Kufstein — Paris und London haben es schon getan, das niederösterreichische Traiskirchen machte in Österreich den offiziellen Anfang, mit Innsbruck soll am 18. Juli die erste Landeshauptstadt der Alpenrepublik den Klimanotstand ausrufen. Die erste Tiroler Gemeinde wird die Großstadt dabei nicht mehr sein — am Mittwochabend machte der Kufsteiner Gemeinderat die Klimakrise per Dringlichkeitsantrag offiziell zur Angelegenheit der Festungsstadt.
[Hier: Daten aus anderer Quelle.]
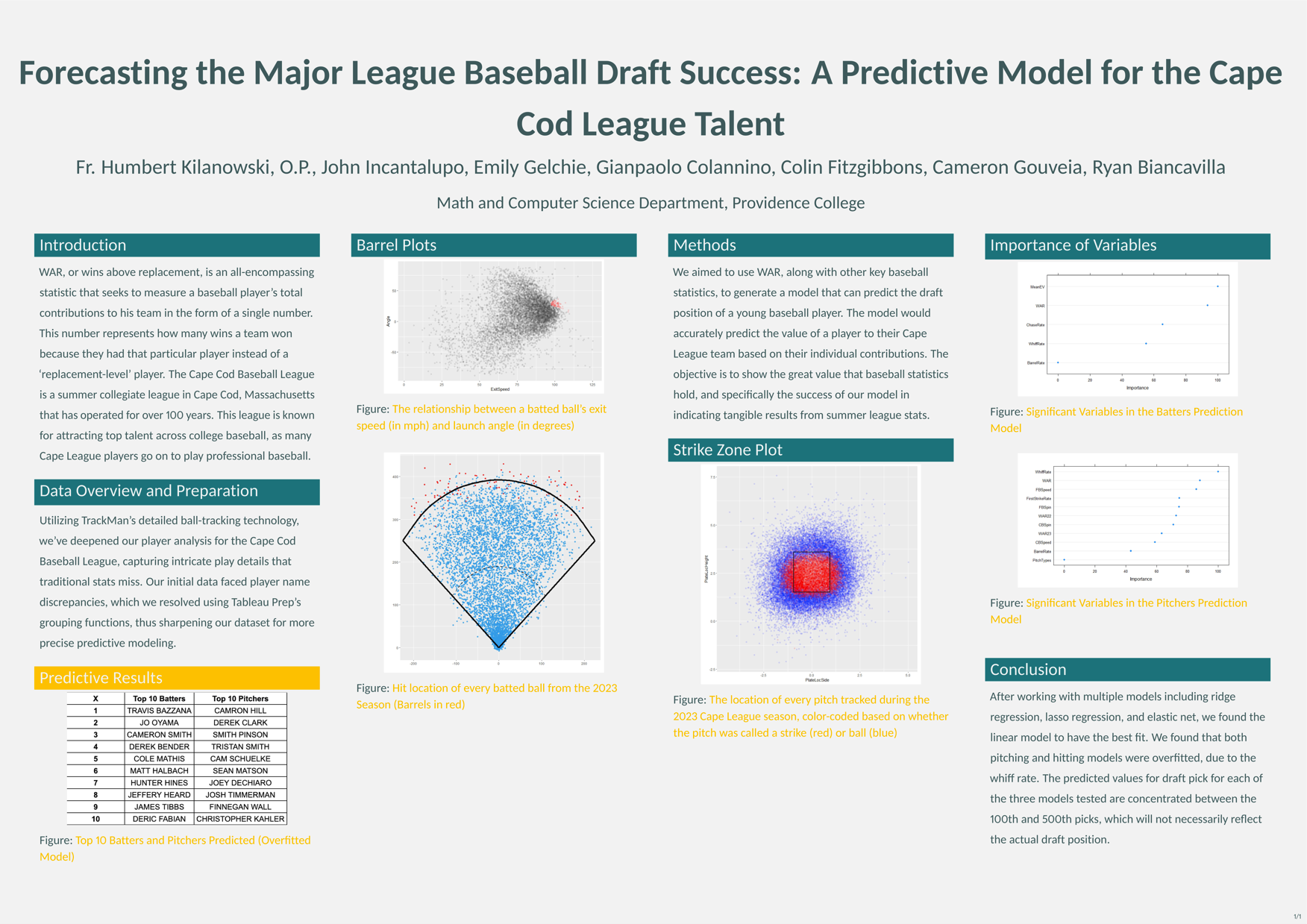 A year after my sabermetrics research course, I joined an independent study to continue the research that we had started. This time, we paired the WAR model that we had already created with that summer’s MLB draft results to determine if a player’s Cape League WAR was a strong predictor of future draft position. We also incorporated advanced pitching and batted ball data from TrackMan into our predictive model, which we tested on the upcoming 2024 MLB Draft. Since this project was completed prior to the 2024 MLB Draft, our predictions were only speculative at the time. My group presented the poster above at Providence College’s 15th Annual Celebration of Student Scholarship and Creativity in April 2024.

Diese kommunale Selbstverpflichtung bedeutet, dass Kufstein „die Eindämmung der Klimakrise und ihrer schwerwiegenden Folgen als Aufgabe von höchster Priorität anerkennt", es sich zum Ziel setzt, bei „jeglichen Entscheidungen die Auswirkungen auf das Klima zu berücksichtigen" und jene Lösungen zu bevorzugen, „die sich positiv auf das Klima auswirken". So wurde es bei der öffentlichen Sitzung verlesen und von den Gemeinderäten einstimmig abgesegnet.

Konkret wird nun das Umweltleitbild der Stadt von 2017 um einige Punkte ergänzt, die u. a. die Vemeidung von Hitze-Inseln sowie die Erweiterung von Grünanlagen vorsehen.

Bei der anstehenden Neugestaltung des Kasernen­areals und Finalisierung der Südtiroler Siedlung sollen diese „neuen Erkenntnisse" laut BM Martin Krumschnabel einfließen. Was aber wird aus dem Stadtpark? Bekanntermaßen soll die öffentliche Grünanlage zugunsten eines veranstaltungstauglicheren Geländes künftig mehr Asphaltfläche aufweisen — oder, wie es Kritiker formulieren, „zugepflastert werden". Der Startschuss für den Neubau fällt bereits nach dem Weinfest am Wochenende.

Man habe bereits erste Abänderungen der bestehenden Planung vorgenommen, berichtet BM Martin Krumschnabel auf Nachfrage der TT. So würden nun 250 Quadratmeter mehr begrünt werden als ursprünglich angedacht. Vorgesehen sind auch zwölf neue Bäume (einer aus dem Bestand muss geopfert werden, 13 werden gepflanzt). „Wir werden die Gestaltung des Architekten jetzt nicht komplett verändern, aber mit ihm reden, ob wir vielleicht noch Platz für weitere Bäume finden", sagt der Stadtchef. Man wolle mit strengeren Blicken auf Bauvorhaben und „grüneren" Vorschreibungen eine dauernde Bewusstseinsänderung erzielen, „das wird für Einzelne lästig sein, aber man muss zu diesen Zielen stehen".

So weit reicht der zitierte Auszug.